The CD-R copy produced with "Burrrn" and the LG GGC-H20L was more reliable than other CD-R copies I tried, but still not to the level of commercial CDs in my finicky player..... Now if I can get the Sound Forge Pro 11 back working after it prematurely "expired". (Tech support is looking at this.)
I finally got a CD-R copy that played all the way through in "shuffle" mode on my finicky player.....
Now this might sound like sacrilege, but the successful disc was burned with Microsoft's Windows Media Player 12 burn software, of all things...... This happened to be a shot in the dark, after failing to get a good disc with the reputable Sound Forge Pro 11 trial.
The "slow" speed setting seemed to burn at 16x, which was what I used with other software.

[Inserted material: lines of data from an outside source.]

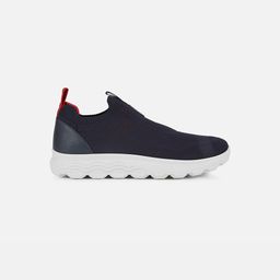 Smukłe granatowe wsuwane sneakersy Geox Spherica zachwycają nowoczesnym designem z wyrafinowanym dzianinowym wzorem. Charakterystyczną cechą jest czerwony pasek na pięcie i praktyczna pętelka na języku ułatwiająca zakładanie. Biała karbowana podeszwa nadaje butom sportowo-elegancki wygląd.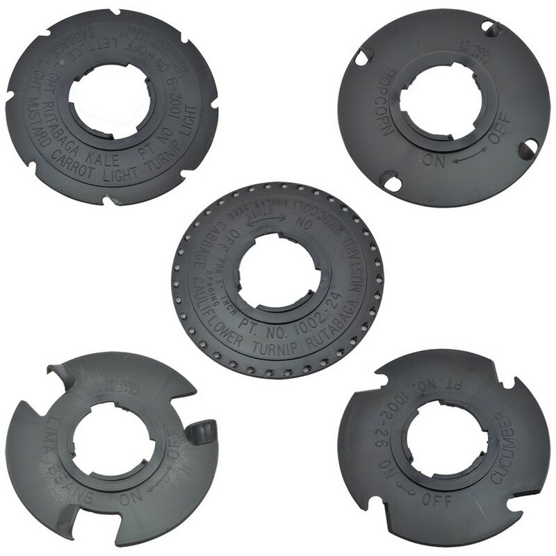 In kit. composizione: 1 disco per carotine/lattuga/rapa/cavolo e semina fine, spaziatura 11,4 cm, 1 disco per broccoli/cavolo cappuccio/cavolfiore, spaziatura 2,5 cm, 1 disco per cetriolo/zucche/zucchine e semi piatti, spaziatura 22,9 cm, 1 disco per pop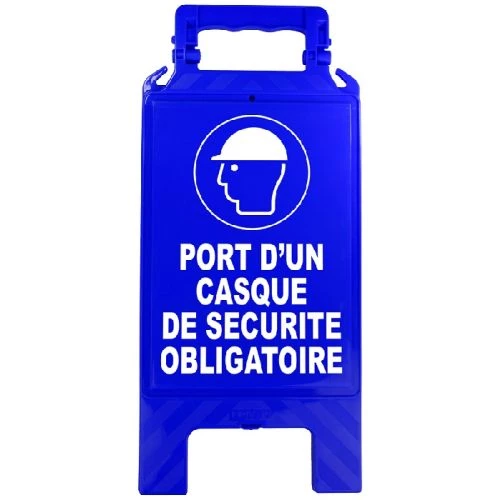 Le chevalet d’obligation port de casque de sécuritéde la marqueNovaps’utilisent tout aussi bien en intérieur qu’en extérieurs, c’est un outil temporaire et pliable.Les messages affichés sur ce chevalet se lisent très facilement grâce à sa large surface d’impression, sa conception avec renforts de maintien et sa large ouverture lui procure une robustesse et une excellente stabilité.Il est également possible de les verrouiller en position ouverte ou fermée et enfin, ses crochets permettent une mise en place de chaîne de signalisation.
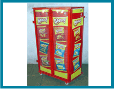 These racks are floor standing and prevent rats from destroying anything stored inside , they also work as dispensing units by opening the front doors during the day time, Can be fitted with wheels for easy maneuverability according to the need of client, these rack support attractive brandings on all sides front and back. These are very effective for use in traditional markets |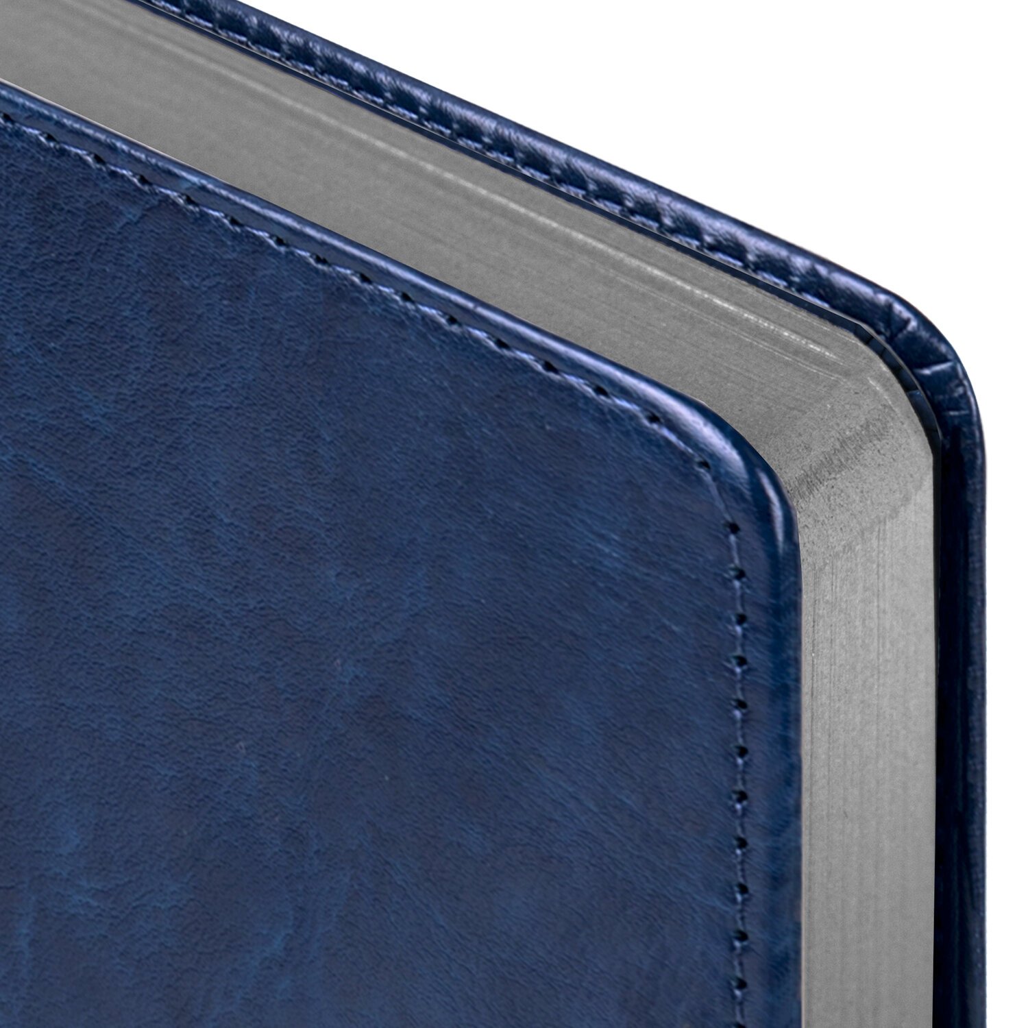 Твердая обложка стилизована под гладкую кожу синего цвета. Материал обложки подходит для горячего тиснения. Для удобства пользования ежедневник снабжен держателем для ручки. Цветной срез в контраст обложки придает ежедневнику особый шарм. Дополнением является закладка-ляссе, с помощью которой при необходимости можно быстро открыть ежедневник на нужной странице. Ежедневник снабжен обширным справочным материалом. В конце имеются 4 страницы для записей и заметок.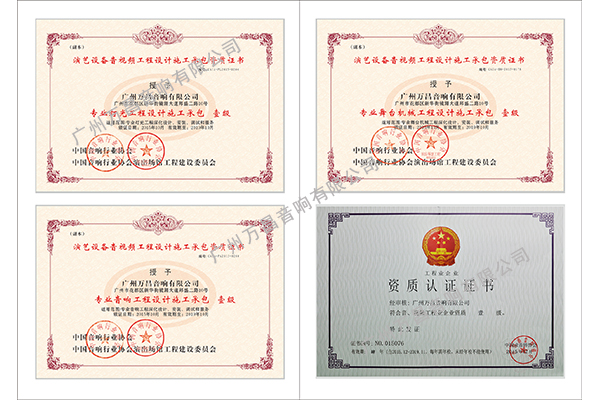 廣東音響工程公司必備哪些工程資質和產品證書?不做投標工程的朋友們可能不太了解,但對于萬昌廣東音響工程公司來說,卻是如數家珍,因為萬昌音響工程公司不但是一家大型的音響生產廠家,更是一家專業做投標工程的音響工程公司,下面由小編來介紹一下萬昌音響工程公司都具備哪些工程資質和產品證書。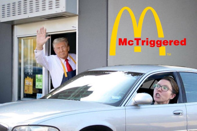 The press is clutching its pearls over one of the most normal type of campaign events: candidate eats bad food, serves bad food, and shakes hands of supporters--as though this was some trick being pulled on voters and the press...the only difference this time is that Trump genuinely likes McDonald's and isn't faking an affection for some common man ritual like eating pork rinds or going duck hunting, and of course he is doing it to poke fun at Kamala's claim she worked at a McDonald's once (for which she can provide no evidence), which like everything else on her resume she seems to have done in a Xanax/alcohol fueled haze.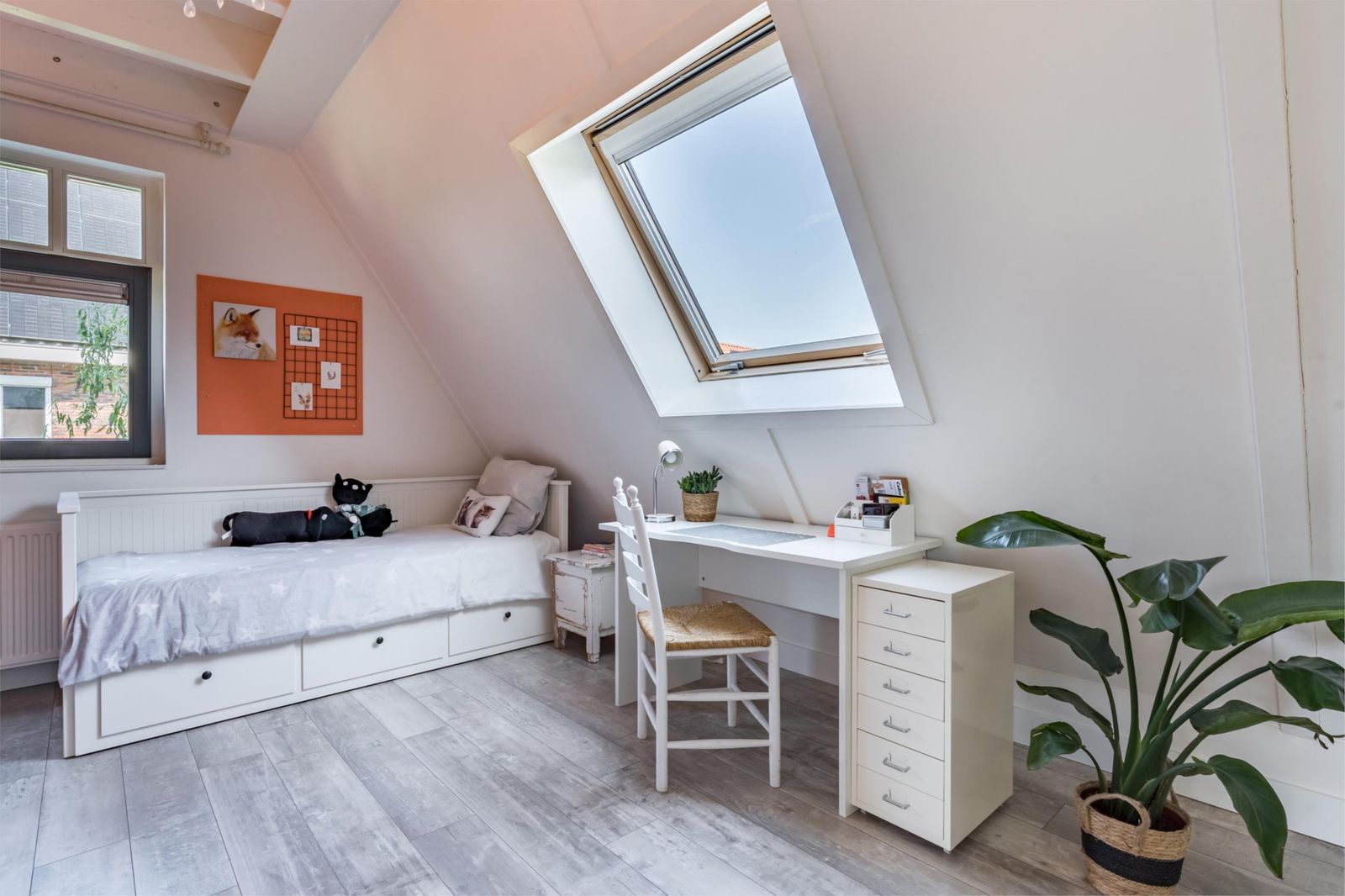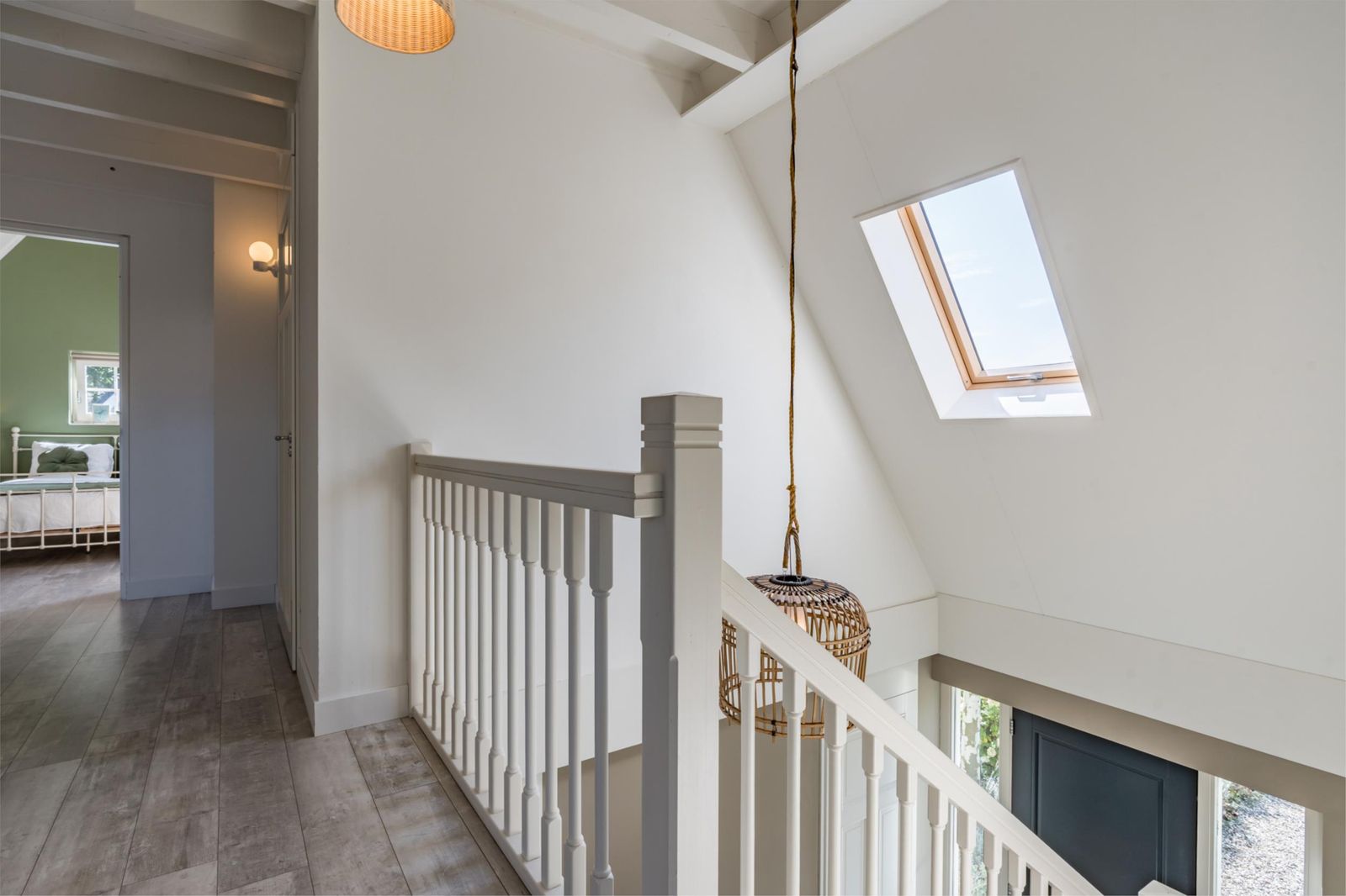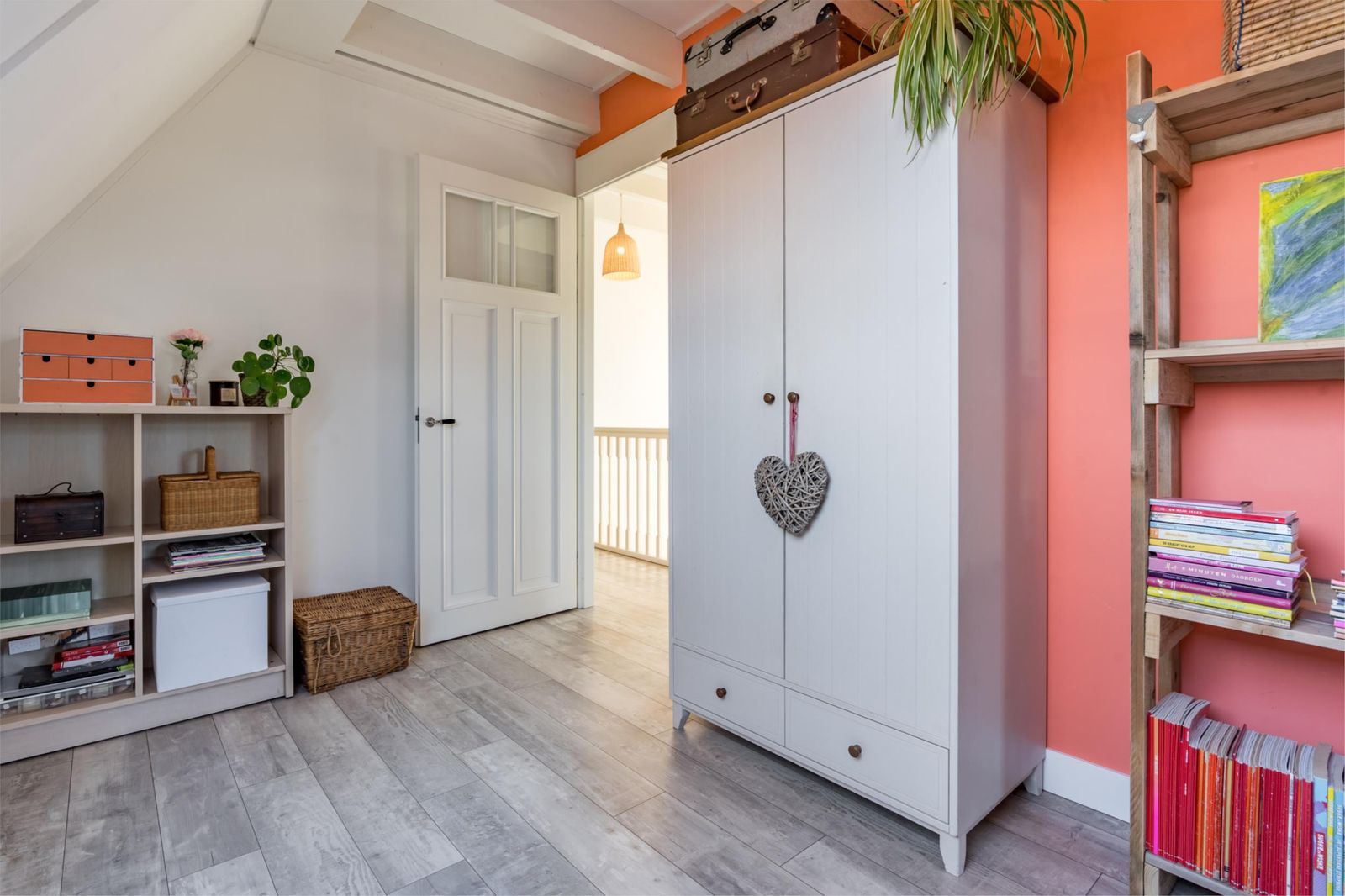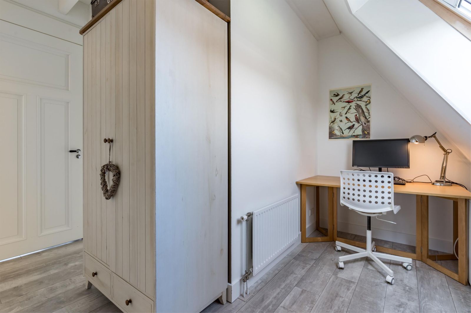 De werkruimte heeft een open verbinding met de overloop en heeft een groot dakraam. Onder de trap is nog een handige kastruimte voorzien van legplanken.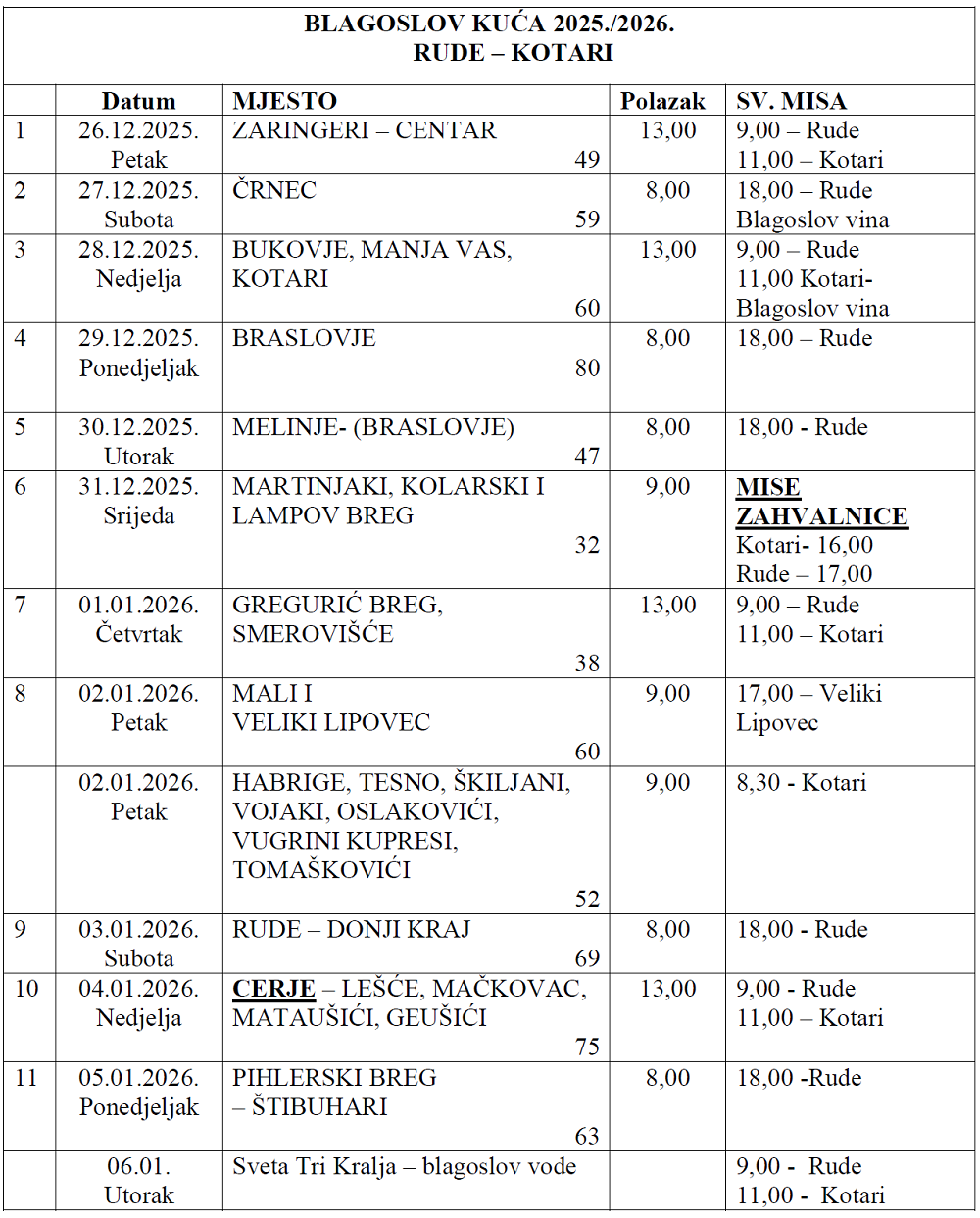 Za sve detaljne informacije obratite se u župni ured Rude ili na broj telefona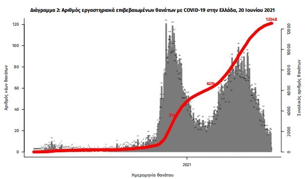 Οι νέοι θάνατοι ασθενών με COVID-19 είναι 14, ενώ από την έναρξη της επιδημίας έχουν καταγραφεί συνολικά 12.548 θάνατοι. Το 95.2% είχε υποκείμενο νόσημα ή/και ηλικία 70 ετών και άνω.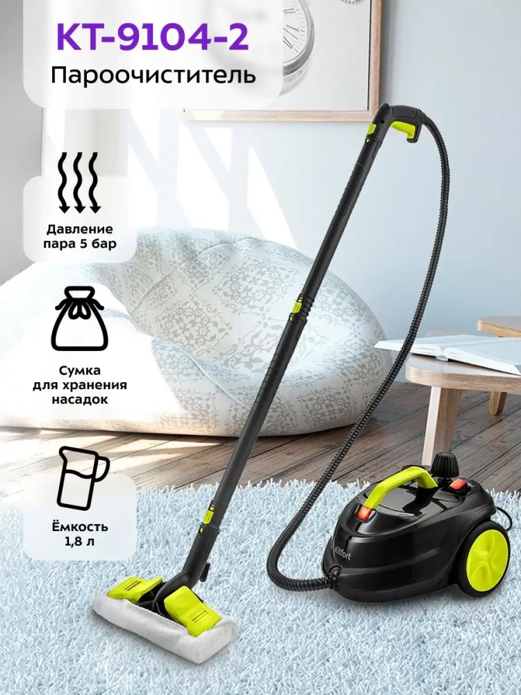 Пароочиститель Kitfort КТ-9104 — это многофункциональная бытовая техника для эффективной уборки дома. Этот мощный парогенератор с мощностью 2000 Вт обеспечивает качественное мытье и очистку различных поверхностей. Пароочиститель идеально подходит для уборки пола, кухни и других помещений. Благодаря паровой технологии, он легко справляется с загрязнениями, не оставляя следов и разводов.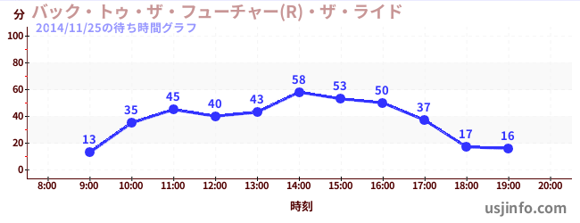 • バック・トゥ・ザ・フューチャー(R)・ザ・ライド$B$N(B2014年11月25日の待ち時間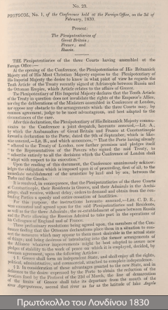 Το Πρωτόκολλο του Λονδίνου, ήταν μια σημαντική διεθνής συμφωνία, που υπεγράφη στις 3 Φεβρουαρίου 1830, μεταξύ των τριών Μεγάλων Δυνάμεων της εποχής, τη Μεγάλη Βρετανία, τη Γαλλία και τη Ρωσία. Η συμφωνία αφορούσε την ίδρυση και τη διεθνή αναγνώριση του νέου ανεξάρτητου ελληνικού κράτους. Επίσης, καθορίστηκαν τα σύνορα του νεοσύστατου ελληνικού κράτους, περιλαμβάνοντας στην επικράτειά του την Πελοπόννησο, τη Στερεά Ελλάδα και τις Κυκλάδες. Αρχικά οι Μεγάλες Δυνάμεις επιδίωξαν την αυτονομία της Ελλάδας υπό οθωμανική επικυριαρχία, αλλά το πρωτόκολλο του 1830 θεμελίωσε την πλήρη ανεξαρτησία της χώρας. Αποφασίστηκε επίσης, η εγκαθίδρυση μοναρχίας, με ξένο ηγεμόνα. Αρχική επιλογή ήταν ο Λεοπόλδος του Σαξ-Κόμπουργκ, ο οποίος αποσύρθηκε λόγω μη ικανοποίησης των αιτημάτων του από τις Μεγάλες Δυνάμεις. Μετά την άρνηση του Λεοπόλδου, ορίστηκε ο Όθωνας της Βαυαρίας, ως πρώτος βασιλιάς της Ελλάδας. Το πρωτόκολλο του Λονδίνου αποτέλεσε καθοριστική στιγμή στην ιστορία της Ελλάδας και του ελληνικού έθνους, καθώς σηματοδότησε την αναγνώριση της κυριαρχίας της από τη διεθνή κοινότητα.
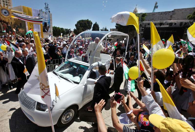 פופ סטאר. פרנסיסקוס מנופף לקהל המאמינים בבית לחם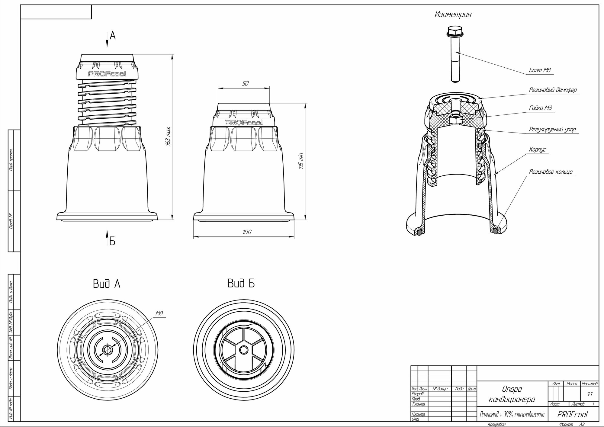 Подставка для кондиционера PROFcool VX4 пластиковая/антивибрационная опора, 4 шт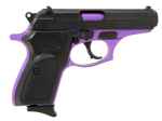 Bersa's Thunder 380 is ideal for personal protection and offers accuracy, reliability, versatility in a lightweight, compact design. Its aluminum alloy frame has a combat style trigger guard, integral locking system and decocker safety, and a micro-polished bore with sharp, deep rifling. The steel slide features a 3-dot sight system for the prefect sight picture. The Thunder 380 features an extended finger rest on the bottom of the magazine for comfort. This model has a matte black slide with a purple cerakoted frame and black polymer grips.

The finished disc was the "quietest" playing in the player, just edging out the one which I used "Burrrn"....
Once again, I now think the absence of "laser noise" during playback is an indicator of how reliable a CD-R recording will play.
All of those people who have gone to so much trouble to make copies of their commercial disks since they "sounded better" ... I remember reading people making copies of copies swearing they were getting better sound with each generation.
Luckily I am too cheap to do that.
But it does bring up the subject of digital noise which one does have to learn to listen for.
Could it be people perceived a "better" sound quality but were oblivious to the added noise? I guess these two parameters can be assessed separately? Especially if you are ignoring one of them.
So why are you making copies?
"So why are you making copies?"
Mainly for compilation CDs. I also have a few old CDs that don't play well.
People also ask me why I still play CDs. It's still the best-sounding digital audio medium, to my ears, that I've encountered.